Bivariate Node icon
The Clario Bivariate node allows you to create three types of bivariate tables to examine the relationships between attributes on an input data stream:
Examples:
The Bivariate node can be connected to a variety of nodes, (e.g. Read File, Aggregate, Append, Missing, etc.), but requires a valid stream of data.
The Bivariate node has three configuration tabs: Two-Way Frequency Table, Means Table, and Correlation Matrix.
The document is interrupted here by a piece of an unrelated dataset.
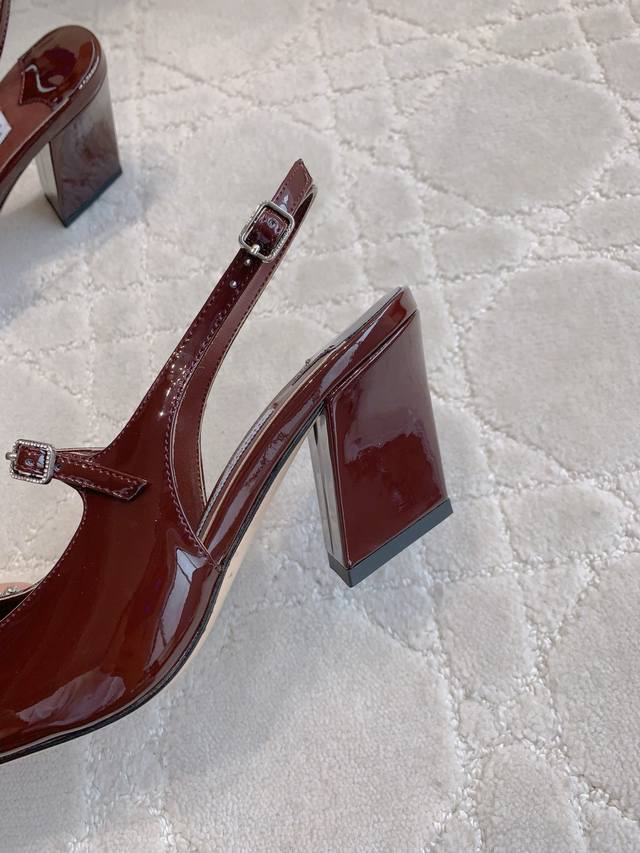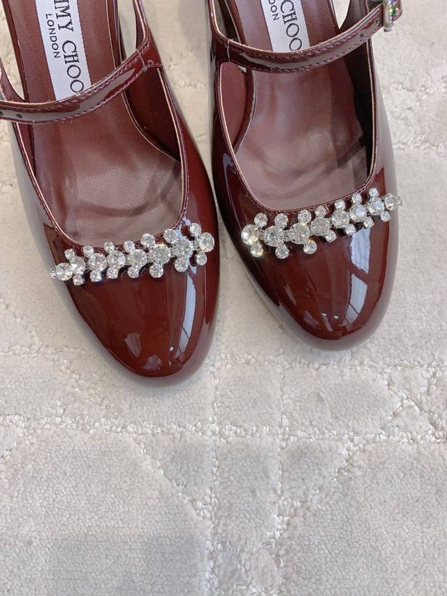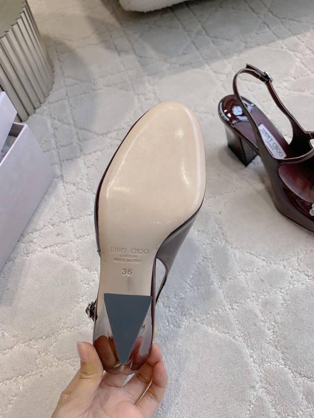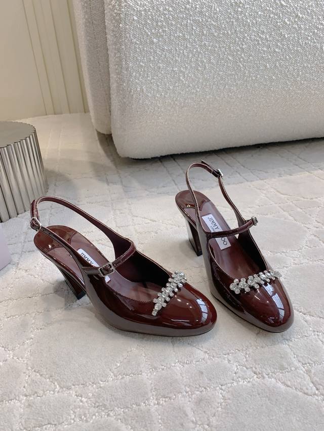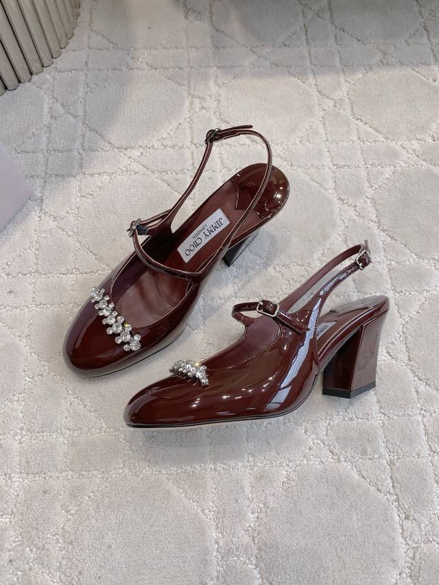 / 出厂价p Jimmy Cho*新款水钻漆皮后空高跟鞋 经典百搭款 粗跟设计非常好穿 鞋面牛漆皮 内里垫脚羊皮 原版开模水钻 跟高8Cm 意大利真皮大底 尺码35

Two-Way Frequency Table Tab
Select at least two string attributes to produce this Table. Begin by adding at least one Base Attribute by clicking the [+] on the bottom left. This attribute name will be used as the Table name in results. Then select one or more attributes as the Compare Attribute by dragging an attribute from the Available Attributes box into the Compare Attributes box. Click Save to save Table configuration or Cancel to exit without saving. To erase a previously defined table, click on the table name (in Base Attributes) and click the [-] on the bottom left.
Note
The only attributes available for the Two-Way Frequency Table are string attributes.
Means Table Tab
To create the Means Table click [+] on the bottom left. Select a Base Attribute. After a Base Attribute is selected, the Available Attributes list will be filtered by data type. For example, if a string attribute is selected, only numeric attributes will be listed as available in the Available Attributes box and vice versa. Select one or more attributes as the Compare Attribute by dragging an attribute(s) from the Available Attributes box into the Compare Attributes box. Click Save to save Table configuration or Cancel to exit without saving. To erase a previously defined table, click on the table name (in Base Attributes) and click the [-] on the bottom left.
Correlation Matrix Tab
To create the Correlation Matrix, select one or more attributes as the Selected Attribute by dragging that attribute from the Available Attributes box into the Selected Attributes box. All numeric attributes will be available in the matrix results. See tips on Finding and Selecting Attributes.
The Bivariate Node results set has up to three tabs. Views will be populated based on the tables requested in the node configuration.
Bivariate Results
Click on the Two-Way Frequency tab. Select a Base Attribute (table name) from the top left drop-down box, and a Compare Attribute from the drop-down box beneath it. The count in each cell will appear, along with the overall %. Overall statistics also appear in the upper right corner. Export this table to a spreadsheet, if desired, by clicking on the Export to Spreadsheet button on the Toolbar. Note that only the counts (not the % values) export to the spreadsheet.
Two-Way Frequency Tab
Means Table Tab
Click on the Means Table tab. Select a Base Attribute (table name) from the top left drop-down box, and a Compare Attribute from the drop-down box beneath it. The means table will appear, with the string attribute defining the rows and the numeric attribute summarized across the columns. Numeric values displayed include: N, Mean, Minimum, Maximum, Standard Deviation, and Sum. Export this table to a spreadsheet, if desired, by clicking on the Export to Spreadsheet button on the Toolbar.
Click on the Correlation Matrix tab. By default, all attributes are selected and a symmetrical matrix is shown. To add or remove attributes displayed in the matrix, click the [Attributes...] button then drag the attribute names from the Available Attributes list to the Selected Attributes list. To view a symmetrical matrix, where the diagonal values will all be 1, check the Symmetrical Matrix box. If this box is not checked, Bivariate shows the correlations of the selected attributes with all numeric attributes on the incoming data stream. Click [Save] to view the matrix. To view the correlations between only one attribute with all other attributes (for example to look at the correlation between Age and all other attributes) select only Age and do not check the Symmetrical Matrix box. Bivariate will then show the correlations between Age and all numeric attributes on the incoming data stream. A slider in the upper right corner allows highlighting of cells over a certain absolute value. Export this correlation matrix to a spreadsheet, if desired, by clicking on the Export to Spreadsheet button on the Toolbar.
Correlation Results Tab
There is no data file output from the Bivariate node, as it is a terminal node. However, the Bivariate node results tables can be exported into Excel by clicking on the Export to Spreadsheet button on the Toolbar.